In addition to the seven enzymes we have localized to sieve elements, two other benzylisoquinoline alkaloid biosynthetic enzymes, TYDC and 7OMT, have also been associated with vascular tissues in opium poppy (El-Ahmady and Nessler, 2001; Facchini and De Luca, 1995; Weid et al., 2004). Tyrosine/dopa decarboxylase is involved in several biochemical processes in opium poppy including the formation of l-dopa (Figure 1), and thus is not an exclusive marker for benzylisoquinoline alkaloid biosynthesis. Nevertheless, it is notable that TYDC gene transcripts were not detected in laticifers (El-Ahmady and Nessler, 2001; Facchini and De Luca, 1995). 7-O-Methyltransferase converts (R,S)-reticuline to laudanine (Figure 1) and was originally identified by proteomic analysis of opium poppy latex (Ounaroon et al., 2003). Soluble latex proteins were fractionated by two-dimensional gel electrophoresis and 7OMT was isolated by internal amino acid sequencing of an abundant polypeptide spot, followed by amplification of the corresponding cDNA using degenerated oligodeoxynucleotide PCR primers. In contrast to the isolation of 7OMT as a purported latex protein, immunofluorescence localization did not associate the enzyme with laticifers (Weid et al., 2004). Instead, 7OMT was localized to a cell type adjacent or proximal to laticifers and identified as phloem parenchyma (Weid et al., 2004). We propose that TYDC and 7OMT are co-localized to sieve elements of the phloem along with other benzylisoquinoline alkaloid biosynthetic enzymes.

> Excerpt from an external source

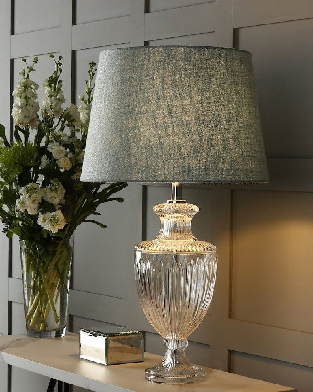 Прозрачная, блестящая и очень стильная настольная лампа из хрусталя “Абель” – это идеальное дополнение к вашему интерьеру. Эта лампа представляет собой современную интерпретацию традиционной формы и впечатляет своим элегантным и универсальным дизайном. Лампа изготовлена из полированного стекла, что придает ей блеск и завораживающий вид. Форма лампы напоминает классическую рифленую вазу, добавляя этому изделию особую изящность. Но самое потрясающее – это отражение света на поверхности хрусталя, создающее множество ярких и красочных оттенков. Основание лампы выполнено из хромированной фурнитуры, которая идеально сочетается с блеском хрусталя. Этот хромированный детальный элемент придает лампе современный и стильный вид, делая ее привлекательной для любого интерьера. Абажур лампы имеет серый цвет, который дополняет всю композицию. Серый цвет абажура является нейтральным и универсальным, поэтому лампа “Абель” подойдет к любой цветовой гамме вашего интерьера, добавляя нотку изысканности и элегантности. Эта настольная лампа станет ярким акцентом в вашем доме или офисе.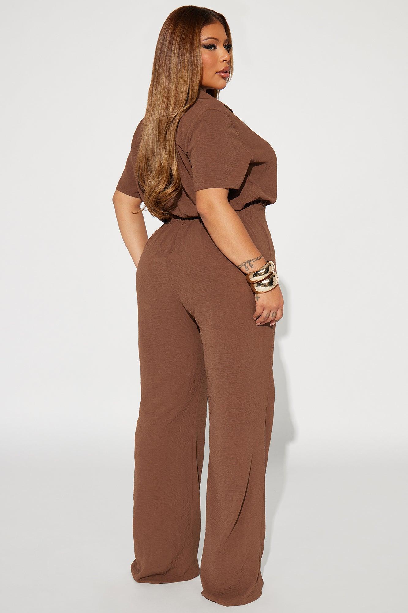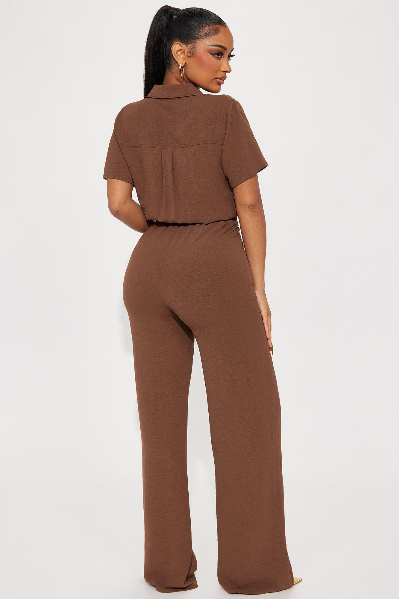 Cozy Era Short Sleeve Jumpsuit - Chocolate

We also suggest that previous biochemical (Fairbairn and Wassel, 1964; Fairbairn et al., 1968; Roberts et al., 1983) and genomic (Decker et al., 2000; Ounaroon et al., 2003) work involving the isolation of latex from lanced seed capsules was confounded by unavoidable contamination from sieve element sap, since both laticifers and sieve tubes exhibit positive turgor pressure. The crude lancing of seed capsules is certain to result in the exudation of unanchored proteins from both cell types. Consistent with this suggestion, the soluble enzymes 6OMT, 7OMT (Ounaroon et al., 2003) and COR (Decker et al., 2000) have been identified in crude seed capsule exudates, but membrane-bound enzymes of alkaloid biosynthesis are consistently absent (Gerardy and Zenk, 1993a,b).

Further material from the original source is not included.